Sepsis (incomplete)

Question 1

[trial name]: 2018 large, international, prospective, multicenter RCT evaluating hydrocortisone in septic shock

Answer 1

ADRENAL

Venkatesh B, et al. “Adjunctive glucocorticoid therapy in patients with septic shock”. New England Journal of Medicine. 2018.

Question 2

ADRENAL trial: what was the primary outcome measure? Was there a differnce?

Answer 2

Death from Any Cause at 90 Days, no difference.

27.9% vs. 28.8% (OR 0.95; 95% CI 0.82–1.10; P=0.50)

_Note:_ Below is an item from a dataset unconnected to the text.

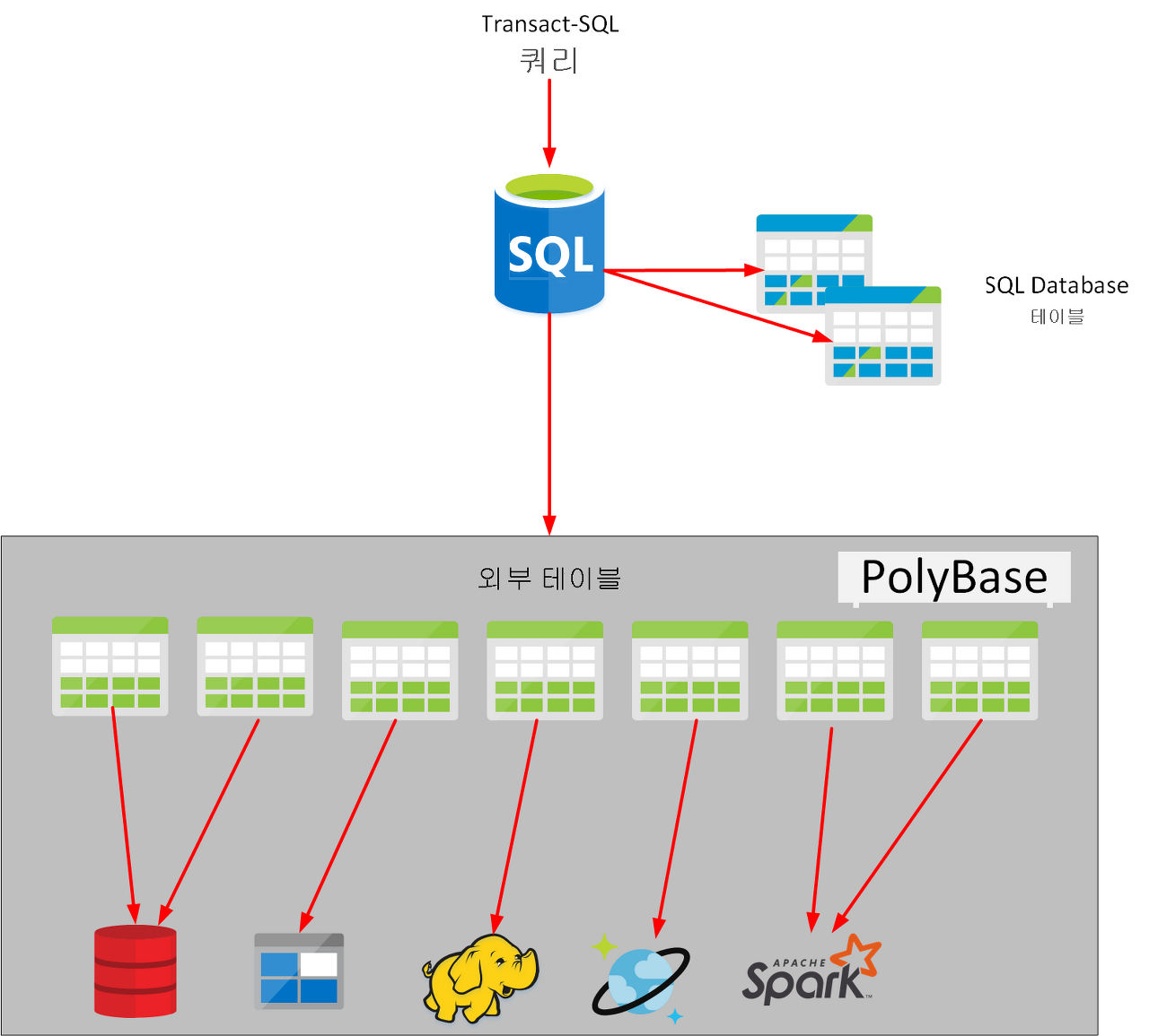 - Polybase를 사용하면 데이터가 SQL DB의 테이블 처럼 표시 됩니다

Venkatesh B, et al. “Adjunctive glucocorticoid therapy in patients with septic shock”. New England Journal of Medicine. 2018.

Question 3

ADRENAL trial, 2’ outcomes: Difference in 28 day mortality?

Answer 3

No difference.

22.3% vs. 24.3% (OR 0.89; 95% CI 0.76-1.03; P=0.13)

Venkatesh B, et al. “Adjunctive glucocorticoid therapy in patients with septic shock”. New England Journal of Medicine. 2018.

Question 4

ADRENAL trial, 2’ outcomes: Difference in median time to shock reversal?

Answer 4

Yes, favoring hydrocortisone.

3 (2-5) vs. 4 (2-9) (HR 1.32; 95% CI 1.23–1.41; P<0.001)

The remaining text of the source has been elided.